YOUR OBJECTIVE:
Copy only the lines from the one containing "ケース:350×100×15" through the final line of the records below, exactly as written, with no pictures.

--- GIVEN DATA Enclosed Below ---

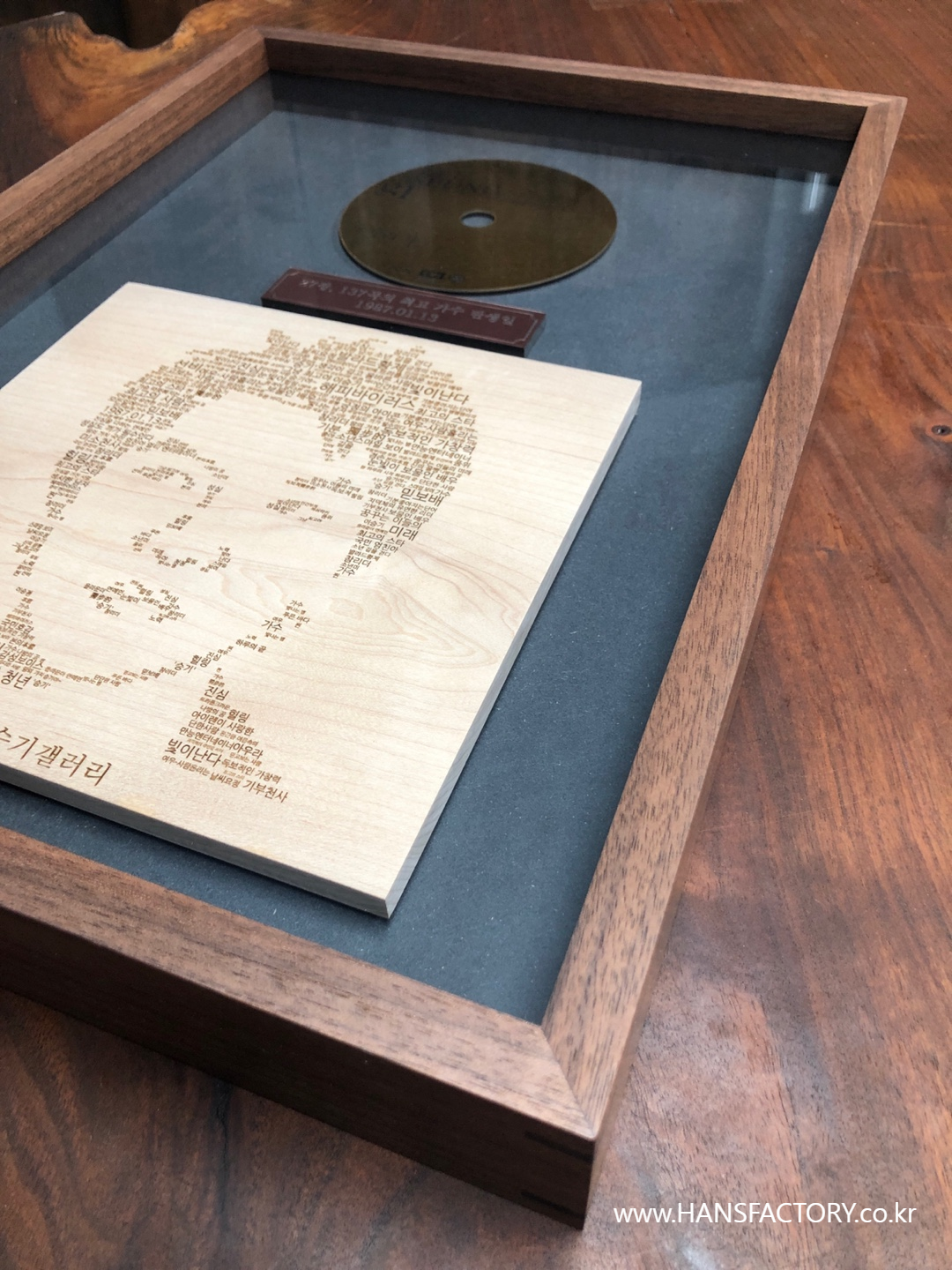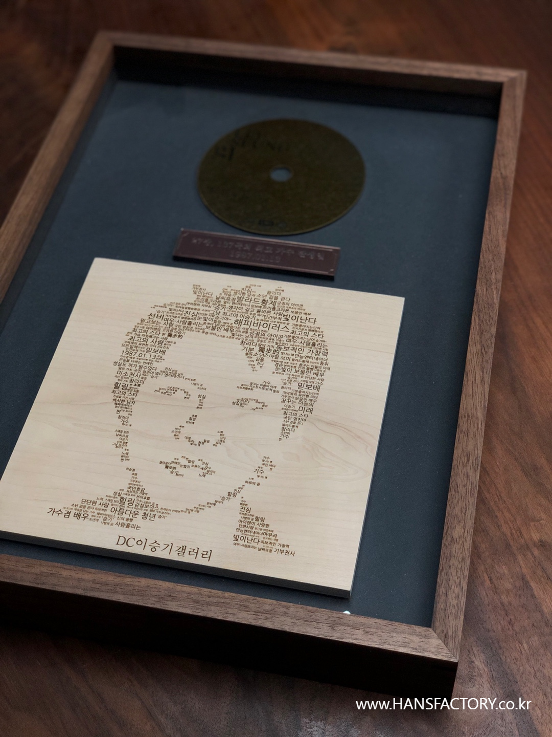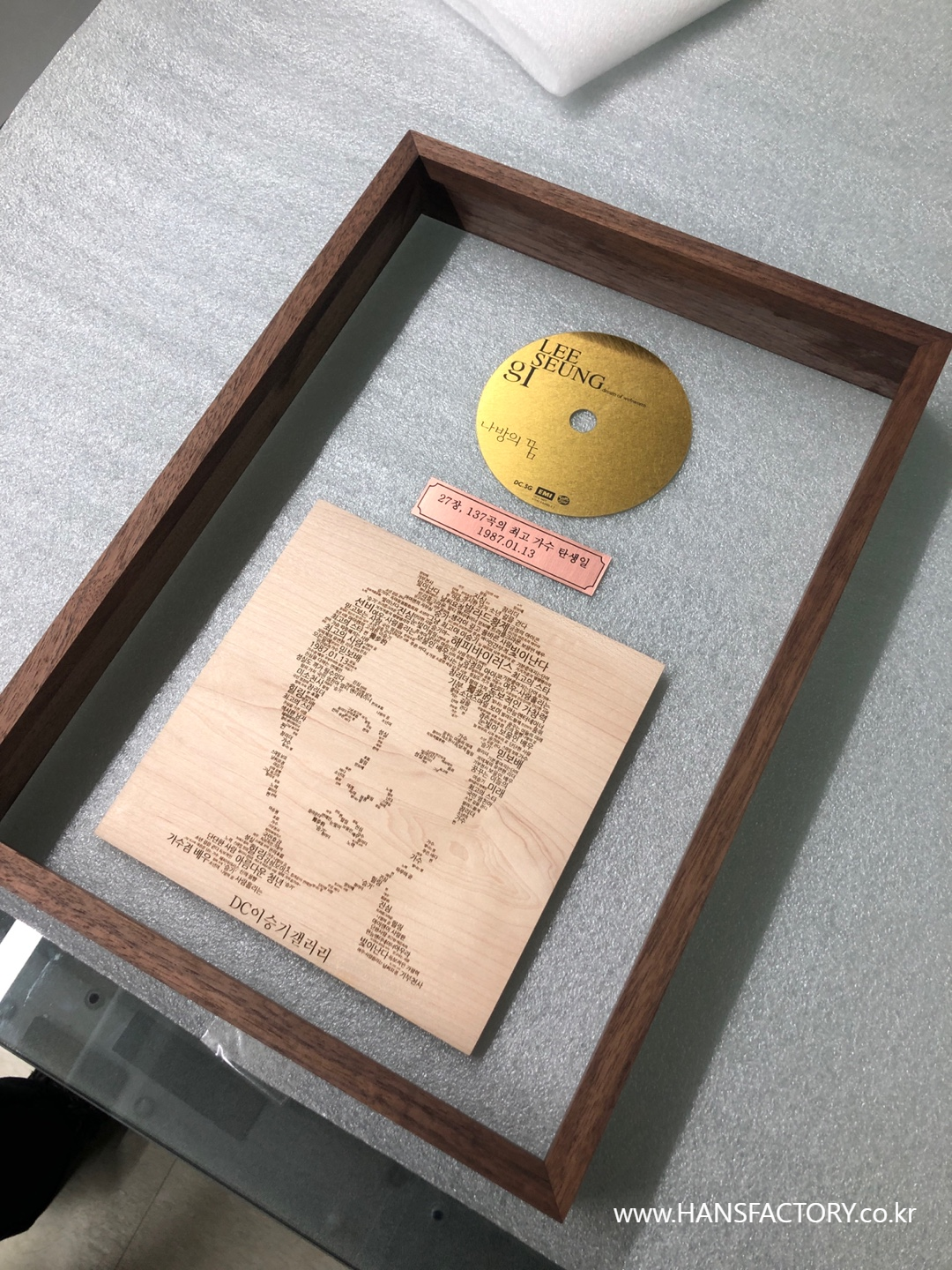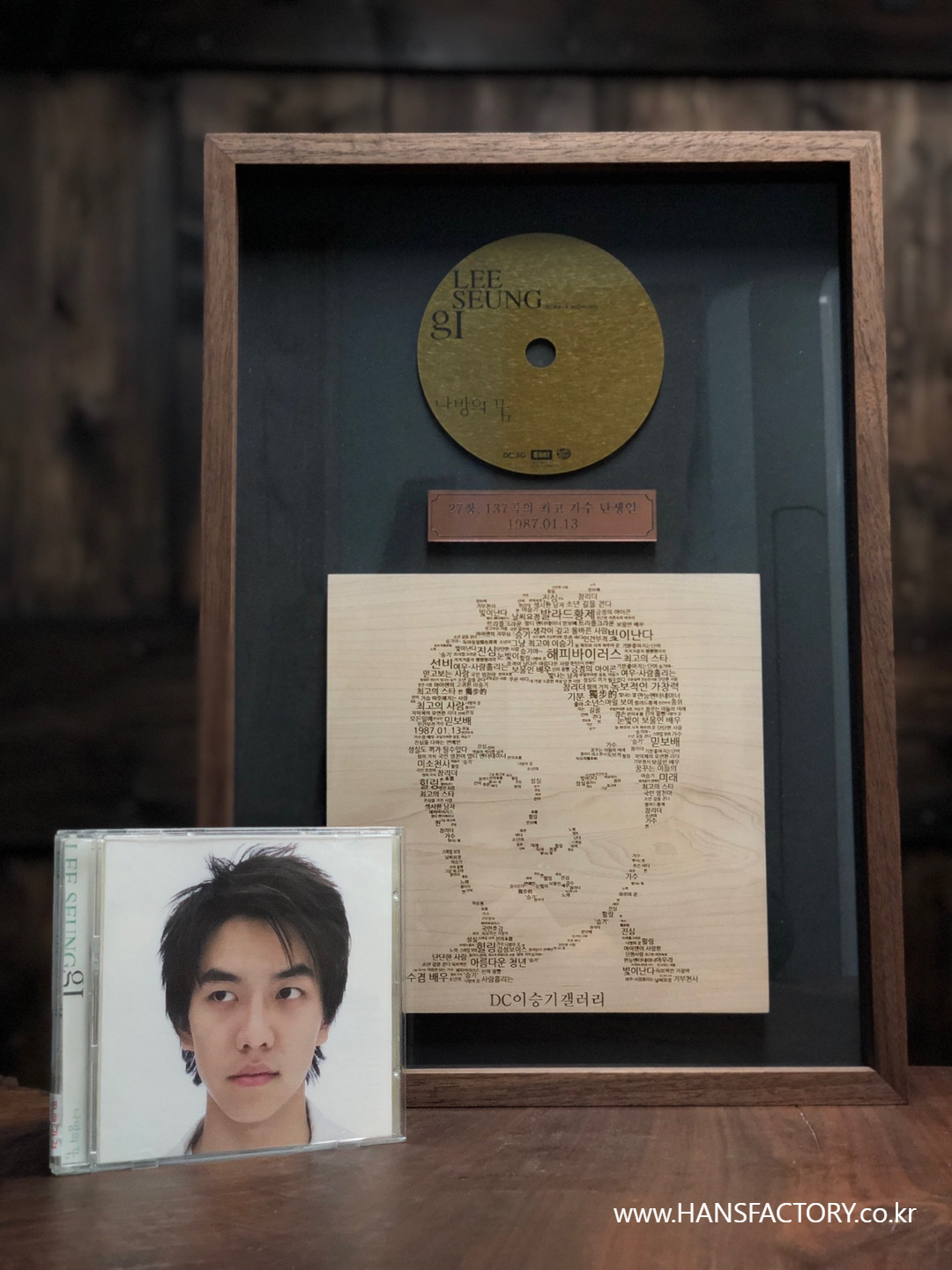 이승기 님의 얼굴 사진과 CD를 본떠서 원목 액자에 담으려고 합니다.
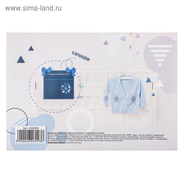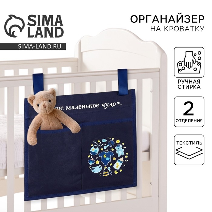 Органайзер для хранения вещей на детскую кроватку «Наше маленькое чудо» для мальчика, 2 отделения
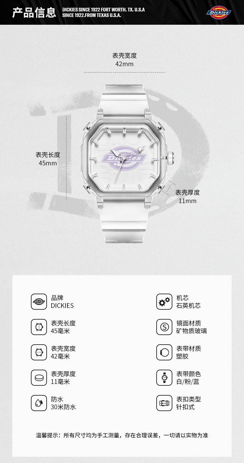 Dickies手表小冰块月白星紫男女款潮流学生初高中礼物100年限量版
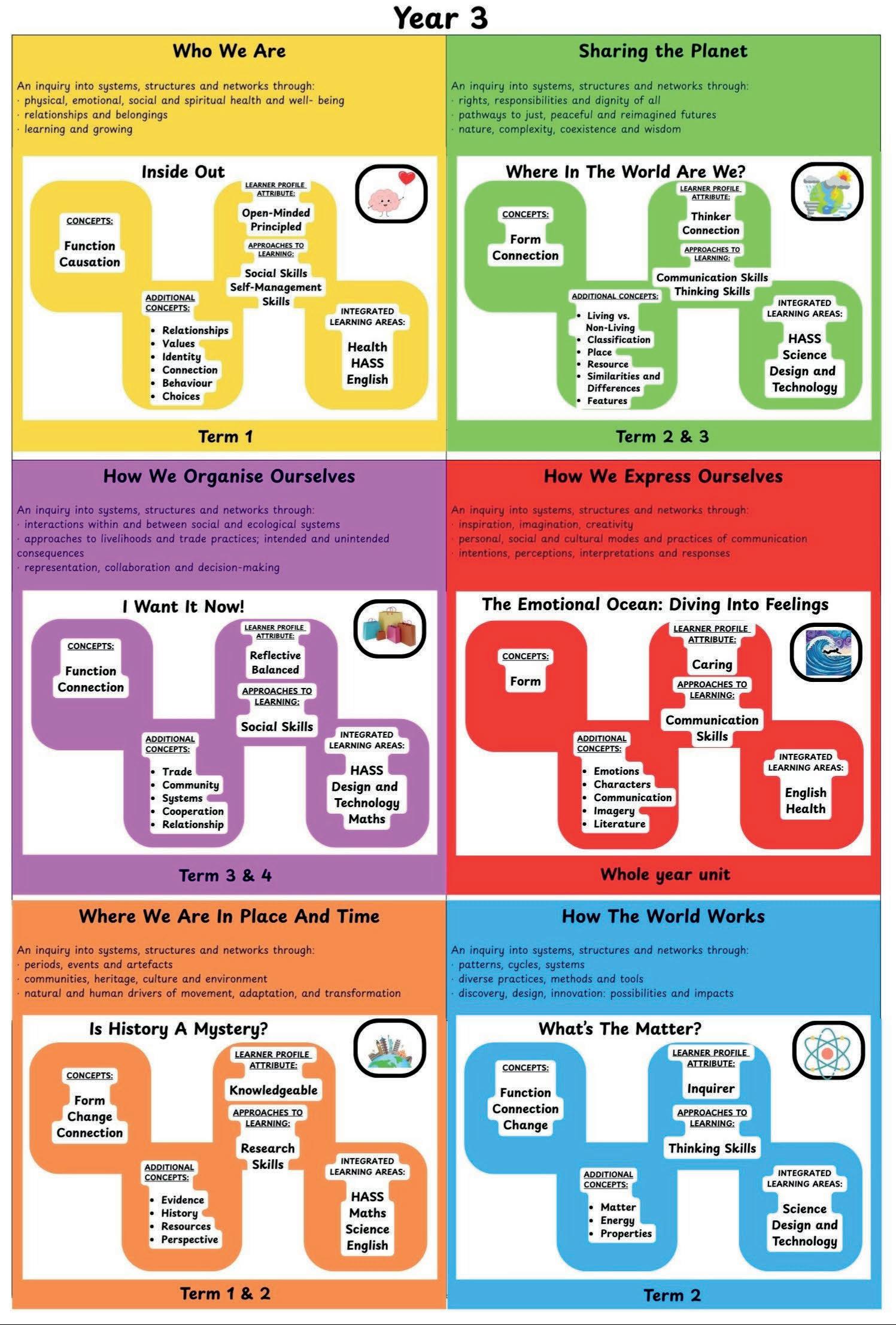 You will find below an overview of the units of inquiry for this year group. It allows you to see which subjects will be included in each unit of inquiry and when it will be taught over the course of the year. All educators in Primary are contributing to the ongoing programme review across 2025, and as such, some areas will be subject to change. We thank you for your support whilst we do this important work.
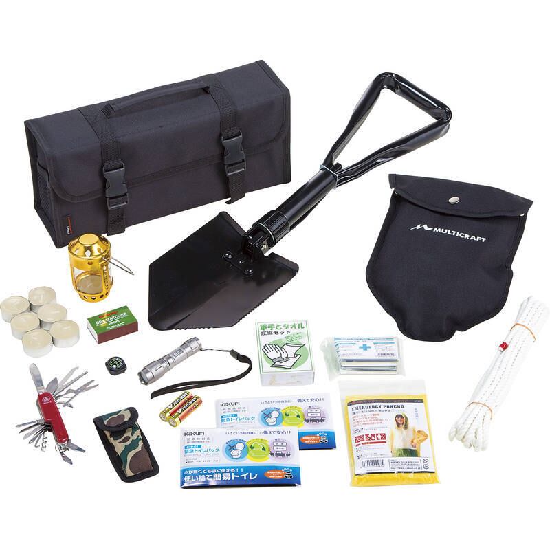 ケース:350×100×155mm、折りたたみスコップ・LEDライト(電池付)・20徳ツールナイフ・ポンチョ・IDホイッスル・コンパス・サバイバルシート・非常用圧縮2点セット・ミニキャンドルランタン・スペアキャンドル6個・マッチ・ロープ5m・緊急トイレパック
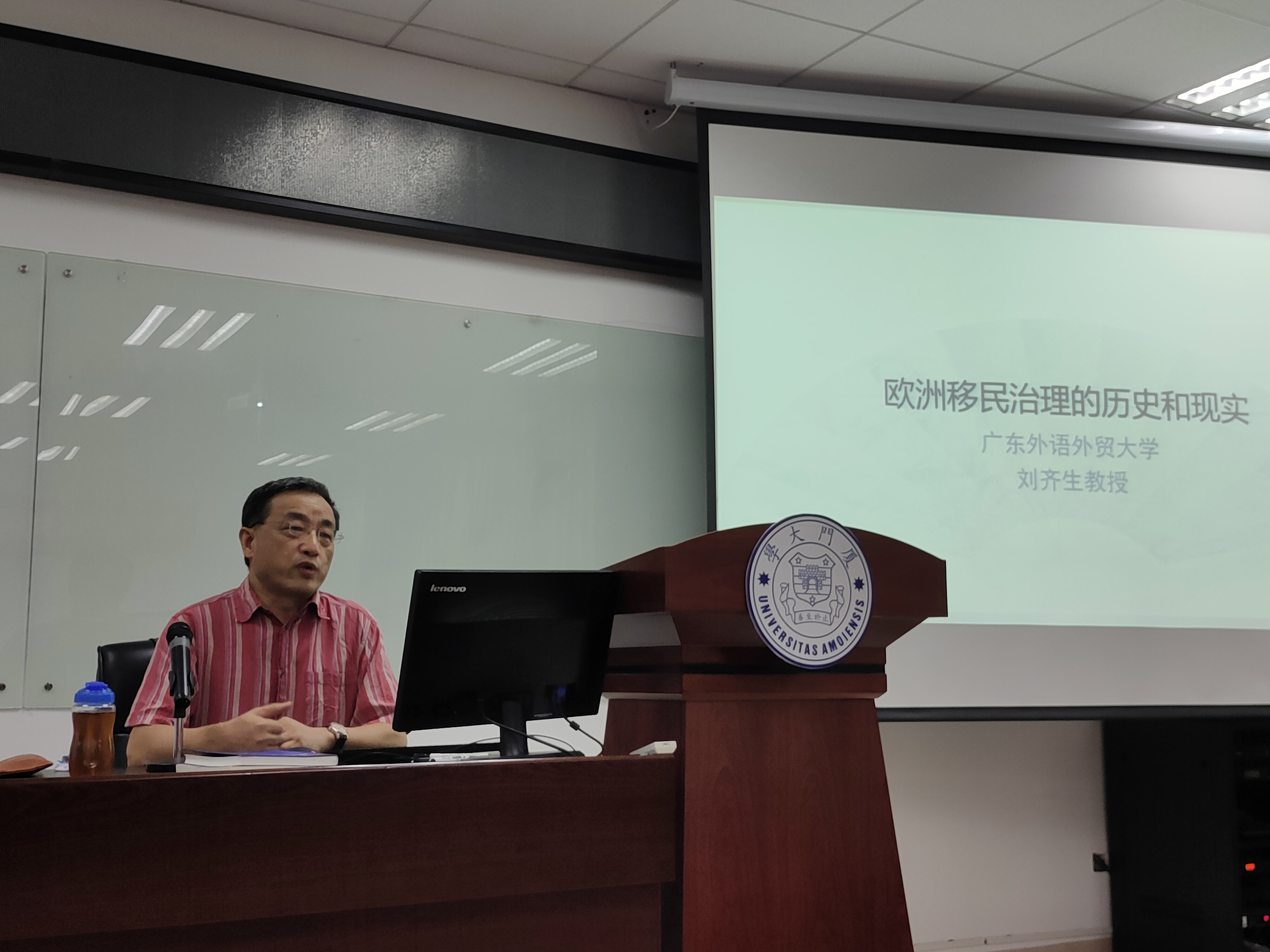 2021年7月6日晚,广东外语外贸大学教授、博士生导师刘齐生老师在厦门大学南光三313教室为外文学院师生举办了题为 “欧洲移民治理的历史和现实”的精彩讲座。外文学院欧语系刘悦教授主持了讲座。外文学院师生积极参加了此次讲座。讲座现场座无虚席,主要参加对象为外语创新实验班全体同学,以及来自本院德语以及其他专业的师生。

--- End of Enclosed GIVEN DATA ---

ANSWER SECTION:
 ケース:350×100×155mm、折りたたみスコップ・LEDライト(電池付)・20徳ツールナイフ・ポンチョ・IDホイッスル・コンパス・サバイバルシート・非常用圧縮2点セット・ミニキャンドルランタン・スペアキャンドル6個・マッチ・ロープ5m・緊急トイレパック
 2021年7月6日晚,广东外语外贸大学教授、博士生导师刘齐生老师在厦门大学南光三313教室为外文学院师生举办了题为 “欧洲移民治理的历史和现实”的精彩讲座。外文学院欧语系刘悦教授主持了讲座。外文学院师生积极参加了此次讲座。讲座现场座无虚席,主要参加对象为外语创新实验班全体同学,以及来自本院德语以及其他专业的师生。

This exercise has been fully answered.